### GOAL OF THE EXERCISE
Please write out exactly the lines of the data below from the line holding "For instance, if" through the line holding "Here, we confirm", and leave out the rest.

### DATA TO PROCESS
####

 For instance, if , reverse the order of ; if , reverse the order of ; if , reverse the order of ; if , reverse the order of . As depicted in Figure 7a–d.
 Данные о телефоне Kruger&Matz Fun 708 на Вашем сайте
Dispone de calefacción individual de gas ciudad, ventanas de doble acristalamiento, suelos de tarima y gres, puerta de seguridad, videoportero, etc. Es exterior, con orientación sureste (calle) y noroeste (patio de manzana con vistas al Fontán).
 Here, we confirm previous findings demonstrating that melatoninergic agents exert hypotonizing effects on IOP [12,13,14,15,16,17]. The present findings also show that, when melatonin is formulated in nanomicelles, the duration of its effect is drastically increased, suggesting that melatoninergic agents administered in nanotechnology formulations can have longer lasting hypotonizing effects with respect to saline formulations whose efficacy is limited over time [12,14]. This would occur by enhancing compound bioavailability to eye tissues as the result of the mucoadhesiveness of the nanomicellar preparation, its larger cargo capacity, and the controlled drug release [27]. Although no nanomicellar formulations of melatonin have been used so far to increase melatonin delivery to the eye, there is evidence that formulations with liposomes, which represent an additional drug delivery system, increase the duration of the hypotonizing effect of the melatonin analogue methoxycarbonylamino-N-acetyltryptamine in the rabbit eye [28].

####

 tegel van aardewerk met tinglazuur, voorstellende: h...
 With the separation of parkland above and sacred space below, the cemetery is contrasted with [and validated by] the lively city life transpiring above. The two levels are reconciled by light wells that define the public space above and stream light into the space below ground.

####

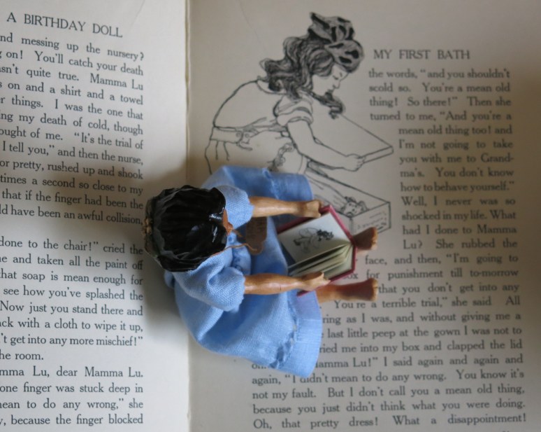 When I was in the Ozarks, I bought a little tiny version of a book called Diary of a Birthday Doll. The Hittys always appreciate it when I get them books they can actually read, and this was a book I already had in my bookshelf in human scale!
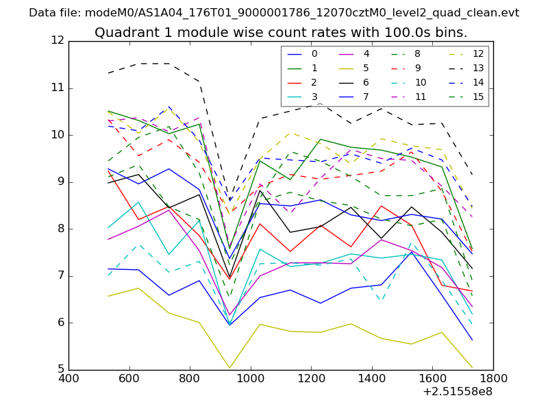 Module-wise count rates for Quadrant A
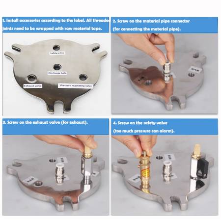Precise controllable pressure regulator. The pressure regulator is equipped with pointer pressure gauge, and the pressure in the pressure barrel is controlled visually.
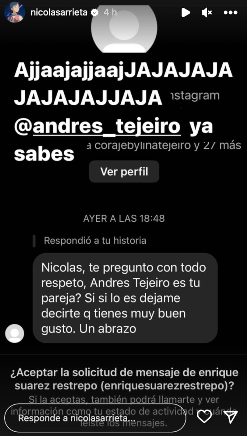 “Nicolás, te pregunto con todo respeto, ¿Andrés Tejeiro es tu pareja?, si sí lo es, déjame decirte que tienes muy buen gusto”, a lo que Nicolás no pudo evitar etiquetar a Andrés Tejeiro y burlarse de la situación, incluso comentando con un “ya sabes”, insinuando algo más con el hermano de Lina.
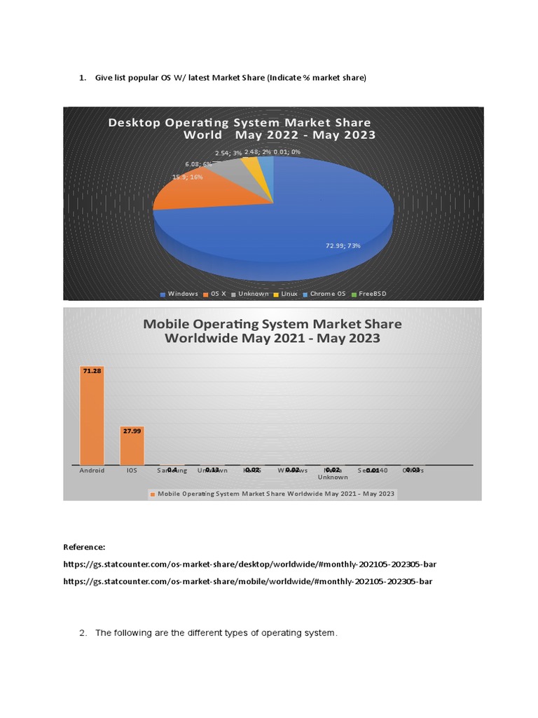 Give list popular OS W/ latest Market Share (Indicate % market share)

####

### RESPONSE TO THE TASK
 For instance, if , reverse the order of ; if , reverse the order of ; if , reverse the order of ; if , reverse the order of . As depicted in Figure 7a–d.
 Данные о телефоне Kruger&Matz Fun 708 на Вашем сайте
Dispone de calefacción individual de gas ciudad, ventanas de doble acristalamiento, suelos de tarima y gres, puerta de seguridad, videoportero, etc. Es exterior, con orientación sureste (calle) y noroeste (patio de manzana con vistas al Fontán).
 Here, we confirm previous findings demonstrating that melatoninergic agents exert hypotonizing effects on IOP [12,13,14,15,16,17]. The present findings also show that, when melatonin is formulated in nanomicelles, the duration of its effect is drastically increased, suggesting that melatoninergic agents administered in nanotechnology formulations can have longer lasting hypotonizing effects with respect to saline formulations whose efficacy is limited over time [12,14]. This would occur by enhancing compound bioavailability to eye tissues as the result of the mucoadhesiveness of the nanomicellar preparation, its larger cargo capacity, and the controlled drug release [27]. Although no nanomicellar formulations of melatonin have been used so far to increase melatonin delivery to the eye, there is evidence that formulations with liposomes, which represent an additional drug delivery system, increase the duration of the hypotonizing effect of the melatonin analogue methoxycarbonylamino-N-acetyltryptamine in the rabbit eye [28].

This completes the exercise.